In this tutorial, you will see that the Relay component is used to make the script easier to read. Double-Click on a wire to create a Relay and rename it.


Shatter the line in steps

Now we will calculate the number of steps by dividing the total height by the approximate riser height.

  • Create a Number Slider for the approximate riser height Params » Input » Number Slider
  • Divide the total height by the approximate riser height Maths » Operators » Division

To get an integer number, we can round the result. In this case, it is easiest to use the Nearest output. Next, we can divide the curve in its calculated amount of risers.

  • Round the result Maths » Operators » Round
  • Divide the SDL line by its amount of risers Curve » Division » Divide Curve

Finally, we can shatter the line in segments with the Shatter component.

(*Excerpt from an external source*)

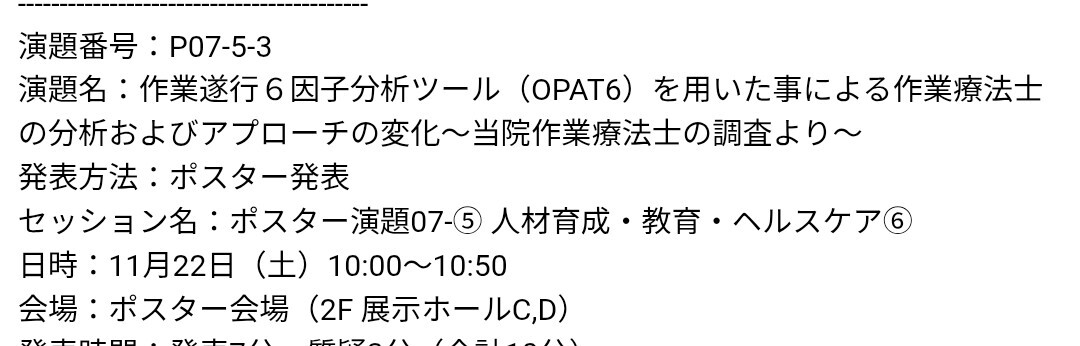 今月21、22日のリハケア合同研究大会で発表します🎤 若手OT中心の部署で、OTの分析ツールを使った変化について調査しました! #リハケア合同研究大会 #作業遂行6因子分析ツール #OPAT6 #作業療法士 #作業療法 #分析ツール pic.x.com/F1CyqEmgk0

  • Shatter the SDL Line Curve » Division » Shatter


Create a Serie of Thread Depths

Next, using the number of steps, you generate a series to determine the depth of each step. Later we will use this series to move each of the line segments in the y-direction.

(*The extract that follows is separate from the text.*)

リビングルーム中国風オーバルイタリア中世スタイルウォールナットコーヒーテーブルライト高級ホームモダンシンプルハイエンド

  • Create a Number Slider for the Thread Depth Params » Input » Number Slider
  • Create a Serie of numbers with the Thread Depth as Step input and the Nearest output for the Count Sets » Sequence » Series

Setting Up Domain

Current stage of the model

If you wanted to make a simple continuous stairs, your definition would be straigthforward and almost done. What complicates this, is the necessity for a landing. This varies by code, depending on the country, exterior/interior, public/private buildings, etc. As an example, we will place a landing every 7 steps (meaning; every 7th step will be a landing).

To do this, we use the series component from the treads. We need to group the tread distances into groups of 7 steps. Then we add the length of the landing to every group. As the total number of steps needed to cover a height of 4500mm in our example we have to create the domains 0-6, 7-13, 14-20 and the leftover 21-26. To keep this parametric and working for all other instances as well, we need do some "tree gymnastics" to set up these domains.

Tree Gymnastics

Partition the Stair Thread Depths

First we will have to partition our steps in a maximum amount of steps before a landing is placed.

  • Define a max amount of steps with a Number Slider Params » Input » Number Slider
  • Partition the Series component in the last chapter with the max amount of steps Sets » List » Partition List

Review the Data Tree and create a new serie of numbers

So far we have only grouped the steps, or more precisely; the distances of the thread depth. We will use this to move each of the risers along the y-direction. But first we need to add a landing length to each of the groups. If the landing length is 1000mm, we need to create a series of (0,1000,2000,3000) to place the landings in between the groups. To clarify, we need to add 0 to the 1st group, 1000 to the 2nd group, 2000 to the 3rd group, etc.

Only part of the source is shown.